6. Gezichtsuitdrukkingen.
7. Lichamelijke gebaren.
Bij hoge inspanning, lange persistentie, korte latentie, hoge waarschijnlijkheid van reactie, gezichts- of
gebarenuitdrukkingen, is er bewijs voor een relatief intense motivatie. En vice versa.
Betrokkenheid
Betrokkenheid verwijst naar de mate waarin een persoon actief betrokken is bij een taak. Het is een
multidimensionaal construct dat bestaat uit vier aspecten:
1. Gedrag. Is synoniem met de gedragingen hierboven genoemd.

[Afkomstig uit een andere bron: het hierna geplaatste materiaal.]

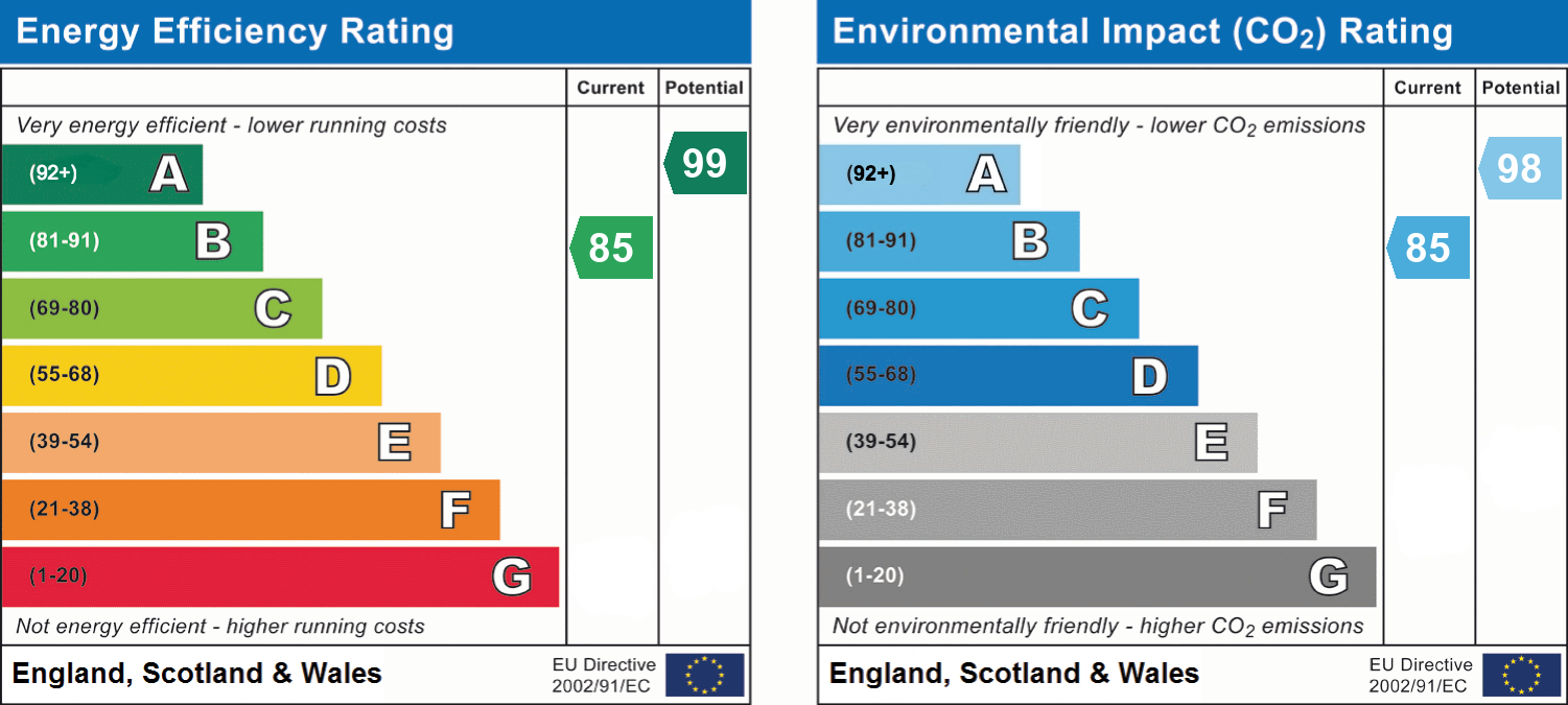 A luxurious four-piece ensuite with spotlight insets and a double glazed window to the rear aspect. Comprising a low-level WC, vanity-mounted wash hand basin with storage beneath, free-standing bath, and shower cubicle with mixer shower. Finished with tiled walls and floor, chrome heated towel rail, and an extractor fan.

2. Emotie. Emotionele betrokkenheid verwijst naar de aanwezigheid van positieve emoties
tijdens de activiteit en de afwezigheid van negatieve emoties.
3. Cognitie. Cognitieve betrokkenheid verwijst naar de mate van strategische
informatieverwerking en diepgaand leren.
4. Agentschap. Agentische betrokkenheid verwijst naar de mate van de proactieve en
constructieve bijdrage aan de stroom van activiteit (bijv. vragen stellen).
3
, Psychofysiologie
Psychofysiologie: De studie naar de interactie tussen lichamelijke en mentale toestanden.
Motivatie en emotie kunnen zichzelf ook uitdrukken door veranderingen in psychofysiologie zoals
veranderingen in hartslag, bloeddruk, ademhalingssnelheid en de uitscheiding van hormonen zoals
adrenaline en cortisol.
Hersenactivaties
Motivatie en emotie kunnen zichzelf ook uitdrukken door breinactivaties zoals toegenomen activiteit
in bepaalde regio’s van het corticale en subcorticale brein. Hersenactivaties markeren stijgingen,
dalingen en instandhouding van motiverende en emotionele toestanden.
Zelfrapportage
Door vragenlijsten of interviews die mensen naar hun subjectieve ervaringen vragen. Zelfrapportage
kan bruikbaar en nuttig zijn, maar moet altijd worden ondersteund en geverifieerd door het gedrag,
de betrokkenheid, de psychofysiologie en hersenactiviteit.